My kids grew up with pinball machines and after they flew the coop and lots of other work/family issues I drifted from the hobby and the pinball machines just sat in the gameroom for ten years. I called my son about a year ago and said "We better see if we can sell these machines. Otherwise we're going to have to pay someone to haul them away. Who still plays pinball? Most of your generation grew up on video games." I wasn't totally naiive. I knew there were a couple of manufacturers making new machines but assumed it was very limited. Now and then you would see some rock star on TV giving a tour of his home with pinball machines in his gameroom.

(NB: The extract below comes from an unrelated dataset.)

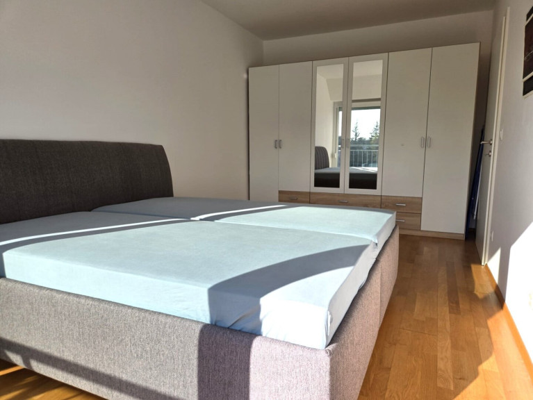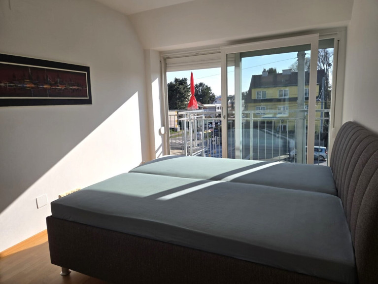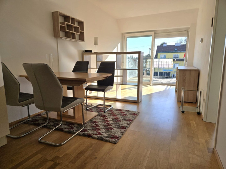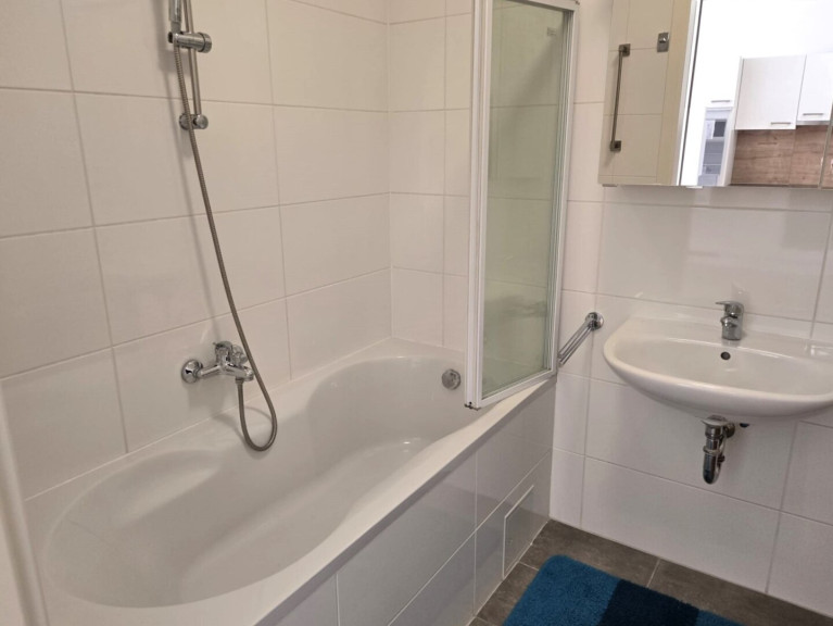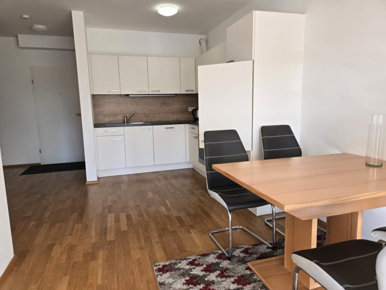 Wohnzimmer als auch Schlafzimmer sind mit Echtholzparkett und großen Schiebetüren ausgestattet und von beiden Zimmern gelangt man auch auf die große südwest-ausgerichtete Terrasse. Außenrolläden sorgen für vollkommene Beschattung und Verdunkelungsmöglichkeiten. Die vollwertige Küche ist mit einem Ceranfeld, Geschirrspüler, Backrohr, Dunstabzug und einer Kühl-Gefrierkombi ausgestattet. Alle Geräte sind neuwertig! Das Badezimmer ist mit einer Wanne, einem Waschbecken und Waschmaschinenanschluss ausgestattet. Ein praktisches, separates Kellerabteil gehört ebenfalls zur Wohnung.

About a year ago with more free time and sequested at home with the pandemic I discovered pinside and some of the FB pinball groups. Holy Smoke! This hobby is more alive and well than twenty years ago. I was overjoyed and spent hours everyday reading pinside forums catching up on the last ten years. I've been bitten by the pinball bug once again and I'm loving every moment. I've spent this entire winter overhauling all my games including bringing back to life a Gottlieb Sea Shore Pinball that I bought 18 years ago but never set up. I also added some of the available mods to the Creature and Getaway. I was amazed to see the new color dmds but I'm still attached to my old amber displays. I love the soft incandescensts in my EMs but would like to upgrade my solid state games with LEDS knowing they are easier on the power boards and look good as well. So between reading the forums and the ads, and the fixing and upgrading and finally the hours of playing I'm keeping very busy. Stay safe and well and brighter days ahead. Keep flipping.